Published 11:03 pm Monday, April 13, 2009

Legislation to establish business license fees in Chilton County is too open-ended, some local farmers and other businessmen say.

Several who attended Monday’s county commission meeting voiced their opposition to the bill and said the public should have had more input before it was sent to Montgomery.

“I am concerned that this business license tax would deter businesses from coming to the county and would hurt those of us who are here,” Jimmy Parnell, owner of a local logging business, said.

Because the bill does not specify whether farmers or other groups would be exempt from buying business licenses, those in attendance at Monday’s meeting felt they had to choice but to speak up.

Commission chairman Tim Mims said he would not support making anyone who is exempt from paying fees pay them in the future, however.

“If you’re not buying a license now, I don’t see why you’d buy one in the future. That’s just me,” Mims told Parnell.
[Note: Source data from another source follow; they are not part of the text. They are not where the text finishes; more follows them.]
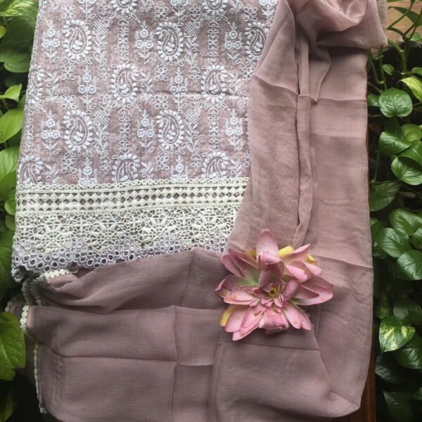 A stunningly gorgeous collection in pure kota top with intricate Chikankari embroidery,cotton bottom and pure chiffon Duppatta
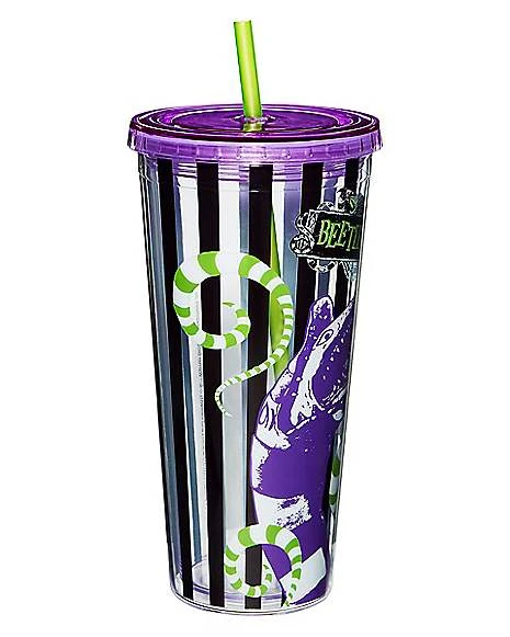 It’s easy to work up a thirst while eating all of that Halloween candy! Fill this Beetlejuice tumbler with your favorite beverage and keep the fun going all day long. With an included straw and lid, this Beetlejuice tumbler is a breeze to carry around town while you collect tricks and treats!
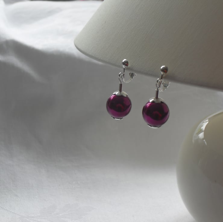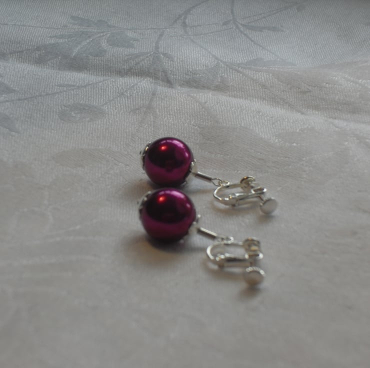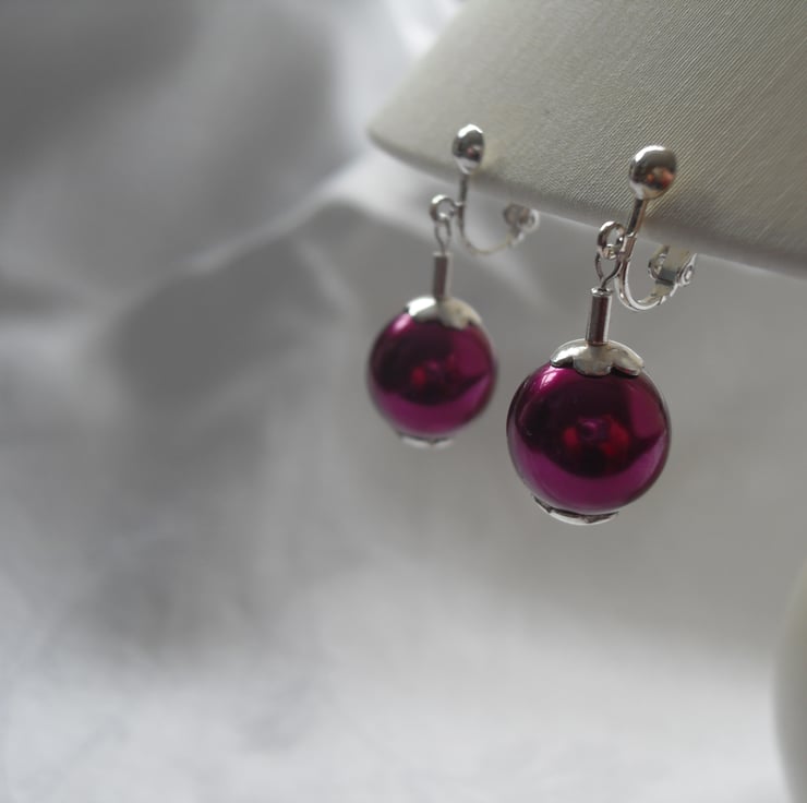 Made to order. A deep cerise Czech glass pearl with sterling silver flower beadcaps, headpin and tube beads make a gorgeous combination for these earrings. The pearl is 12mm wide and attached to silver plated ear clips with screws for extra adjustment.

Tim Minor of Sunshine Farms said he would like to get behind the commission if they would get input from the public and set parameters on the proposed fees. Until then, he said, he felt he had no option but to fight the measure.

“We want to do our part,” Minor said. “All we ask right now is to keep your arms around this thing before it gets away from you and puts us out of business.”
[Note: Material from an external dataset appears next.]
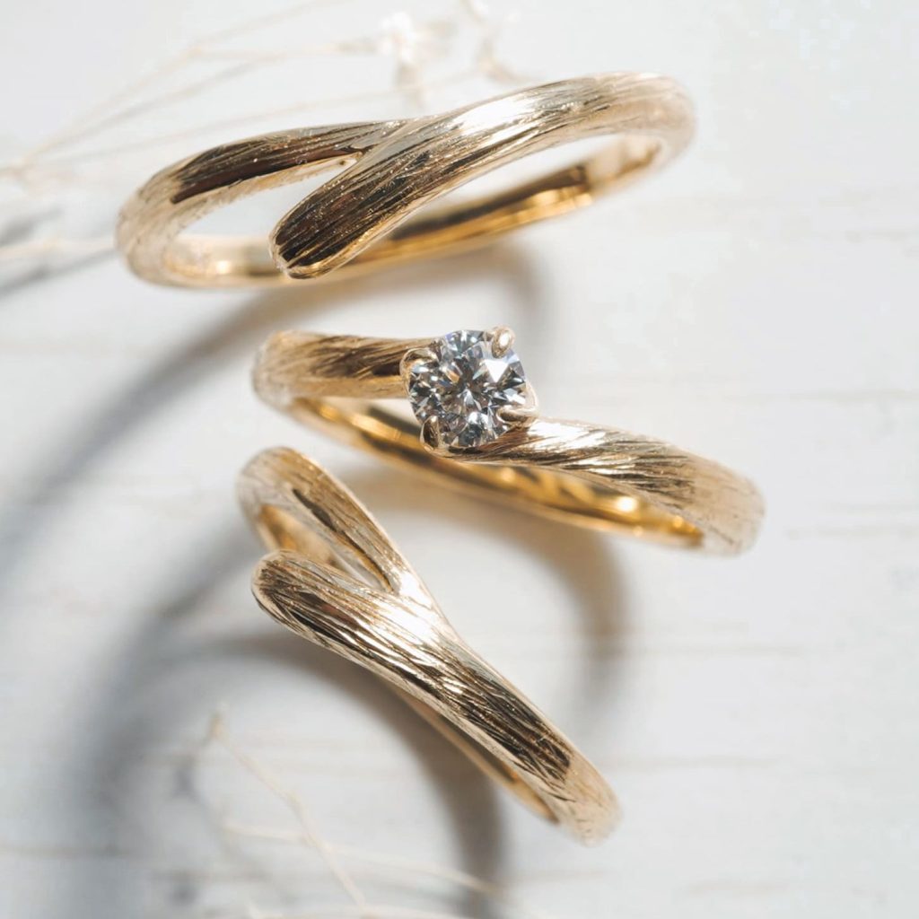 結婚指輪と同じ木目模様の筋を入れて統一感ある重ね付けも楽しめるセットリングに仕上がりました。

Mims said the commission had planned on calling a public hearing before setting fees, provided that the bill passes the Alabama Legislature. He explained that the bill does not directly set business license fees but simply gives the commission the authority to set fees.
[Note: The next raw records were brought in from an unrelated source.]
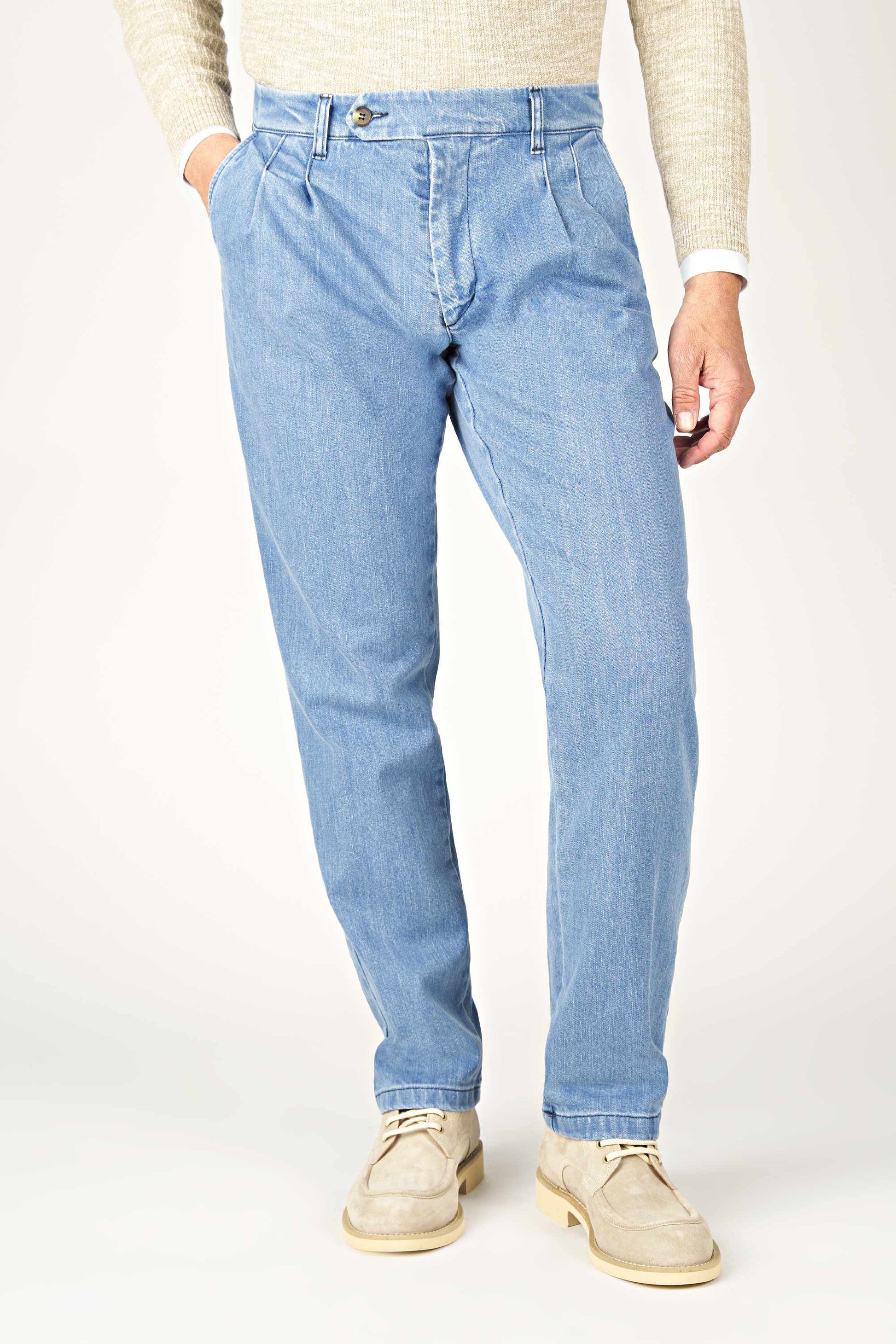Double pleats Button and zip closure Two welt pockets Two back pockets with button
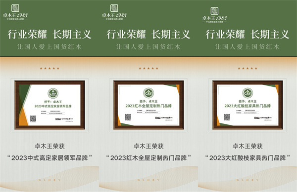 從政府到行業(yè),卓木王榮獲了諸如北京人民大會(huì)堂特選定制品牌、中國(guó)輕工業(yè)百?gòu)?qiáng)企業(yè)、“浙江制造”紅木家具團(tuán)體標(biāo)準(zhǔn)起草單位、東陽(yáng)市木雕紅木家具龍頭企業(yè)等眾多殊榮,累計(jì)獲得60多項(xiàng)國(guó)家級(jí)榮譽(yù)及數(shù)百項(xiàng)行業(yè)榮譽(yù)。
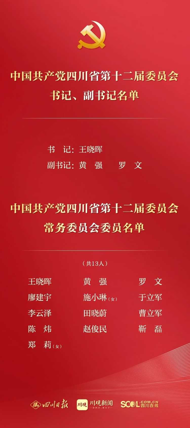 5月30日下午,中国共产党四川省第十二届委员会第一次全体会议在成都举行。会议选举产生了中国共产党四川省第十二届委员会常务委员会委员和书记、副书记。
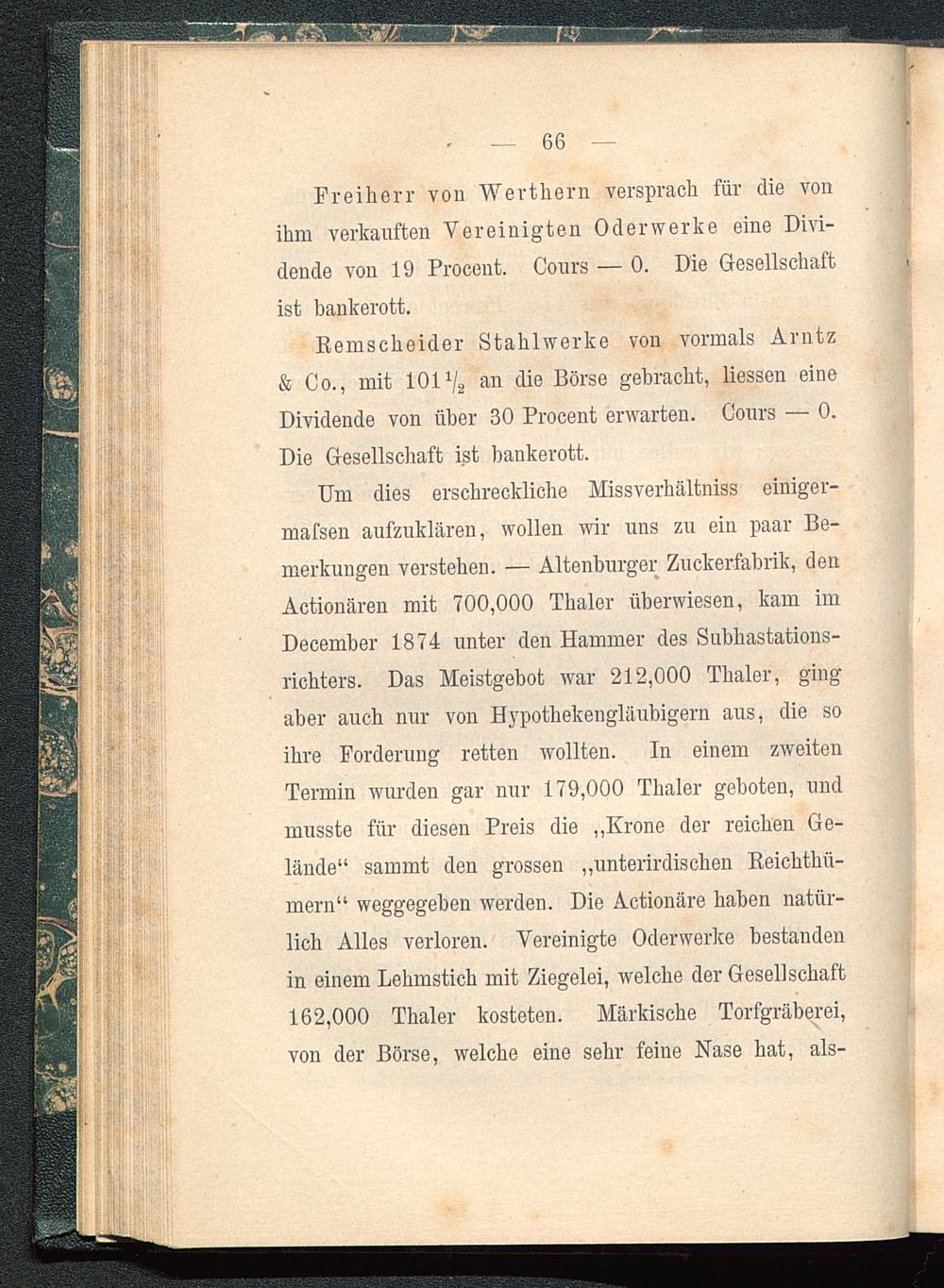 Um dies erschreckliche Missverhältniss einiger-mafsen aufzuklären, wollen wir uns zu ein paar Be-merkungen verstehen. — Altenburger Zuckerfabrik, denActionären mit 700,000 Thaler überwiesen, kam imDecember 1874 unter den Hammer des Subhastations-richters. Das Meistgebot war 212,000 Thaler, gingaber auch nur von Hypothekengläubigern aus, die soihre Forderung retten wollten. In einem zweitenTermin wurden gar nur 179,000 Thaler geboten, undmusste für diesen Preis die „Krone der reichen Ge-lände“ sammt den grossen „unterirdischen Reichthii-mern“ weggegeben werden. Die Actionäre haben natür-lich Alles verloren. Vereinigte Oder werke bestandenin einem Lehmstich mit Ziegelei, welche der Gesellschaft162,000 Thaler kosteten. Märkische Torfgräberei,von der Börse, welche eine sehr feine Nase hat, als-
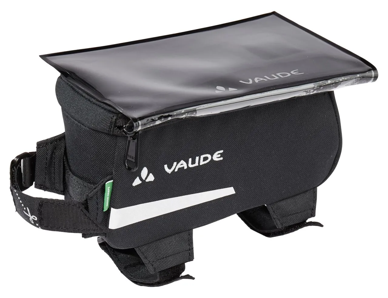 Agrandissez votre cockpit ! Cette sacoche compacte permet de ranger à portée de main la barre énergétique et un peu de monnaie ; elle est équipée d’une housse amovible et étanche à l’eau pour y ranger votre smartphone et suivre le GPS. Les deux sont faciles et rapides à installer. Le label Green Shape de VAUDE garantit des produits fonctionnels et écologiques en matières durables.
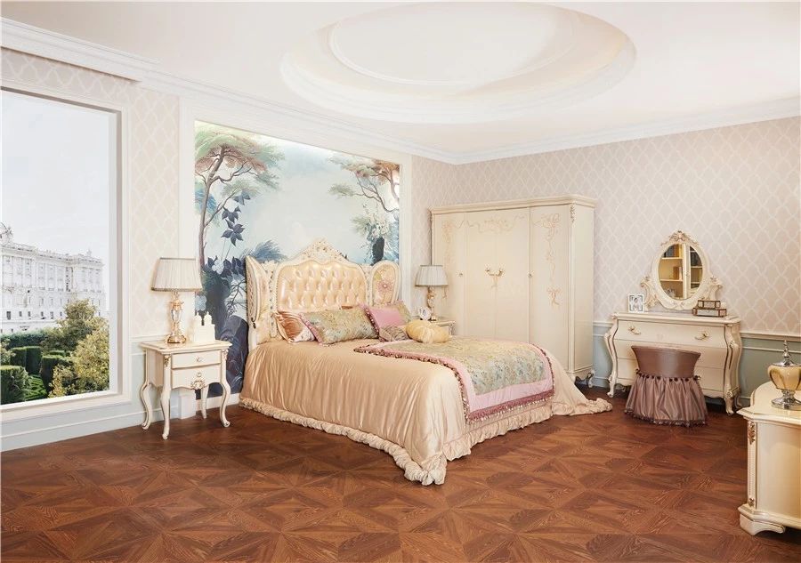 当卧室里大面积的香槟金色与粉色交织,搭配精致的雕花设计,梦幻又浪漫,优雅又宁静,如同身处童话梦境 星辰影视。

Minor said a public hearing should have been held before the legislation was approved and submitted to state Rep. Jimmy Martin.

“There are other people deciding our future,” Minor said.

Heedy Hayes, one of two commissioners who voted against the bill, the other being Joe Headley, seemed to agree with Minor.

“You ought to know what you’re going to do with it before you implement it,” Hayes told the other commissioners.

Rep. Martin, who attended the meeting, said the bill couldn’t be placed in the hopper until after it was advertised. He said the commission still had time to discuss the issue and instruct him to either proceed or withdraw. The window of time, however, would be small to re-draft the legislation and get it passed.

Commissioner Greg Moore made a motion to withdraw the legislation, but the measure was defeated 4-3 with Moore, Hayes and Headley approving.

Commissioners Tim Mims, Allen Caton, Bobby Agee and Red Turnipseed voted against asking Martin to withdraw.

Mims said a cap could be placed on the fee amount, possibly as low as $150 per year. The bill, however, allows for a fee up to 75 percent of what a business would pay under a local municipality’s license fee schedule. The commission could base its fee on the licensing schedule of any one of the four towns in Chilton County.

“If $150 a year is going to hurt somebody’s business, they don’t need to be in it,” Mims said.

Parnell said if the cap were not included in the bill, it would not be binding to the next commission administration.

“Be careful. Don’t eat your seed corn, fellows,” Parnell said.